- TASK BRIEF
Output the line that contains "Carpets for Kids" together with each line after it, through the final line of the listing below, word for word; omit pictures.

- COLLECTED MATERIAL
......

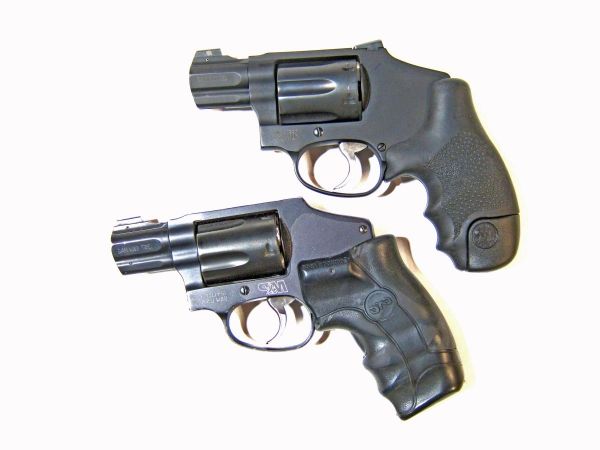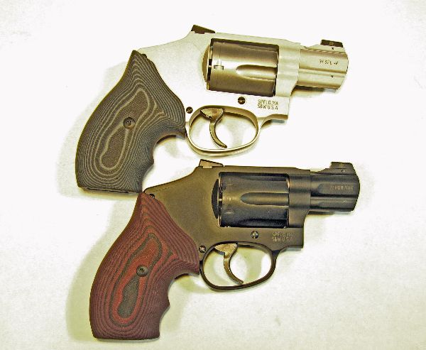 The new S&W Black Rubber UC High Horn stocks above as they appear on the S&W M&P340. Below, a pair of UC revolvers with the harder, less forgiving VZ Grips high horn stocks.
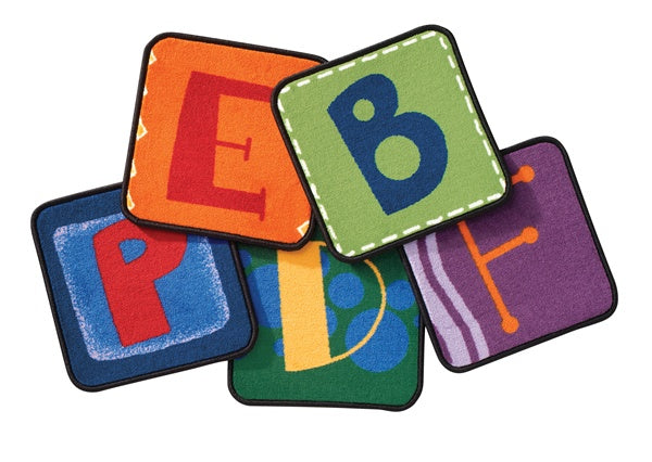 Carpets for Kids KIDsValue PLUS Alphabet Blocks Seating Rug 14" Squares Kit, Primary Colors, Set of 26
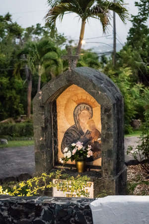 A Catholic church monument on the grounds of the parish in St Thomas of the US Virgin Islands.
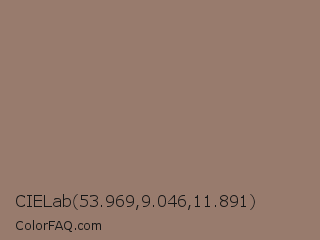 CIELab 53.969,9.046,11.891 Color is a normal orange color and the nearest color is Almond Frost #907b71. Hex code #987b6d and RGB value is rgb(152,123,109). In RGB color space, this color is composed of 60% red, 48% green, 43% blue, In CMYK color space, this color is composed of 0% cyan, 19% magenta, 28% yellow , 40% black , In HSL color space, this color has a hue angle of 20° , 17% saturation and 51% lightness.

......

- REPLY TO THE TASK
 Carpets for Kids KIDsValue PLUS Alphabet Blocks Seating Rug 14" Squares Kit, Primary Colors, Set of 26
 A Catholic church monument on the grounds of the parish in St Thomas of the US Virgin Islands.
 CIELab 53.969,9.046,11.891 Color is a normal orange color and the nearest color is Almond Frost #907b71. Hex code #987b6d and RGB value is rgb(152,123,109). In RGB color space, this color is composed of 60% red, 48% green, 43% blue, In CMYK color space, this color is composed of 0% cyan, 19% magenta, 28% yellow , 40% black , In HSL color space, this color has a hue angle of 20° , 17% saturation and 51% lightness.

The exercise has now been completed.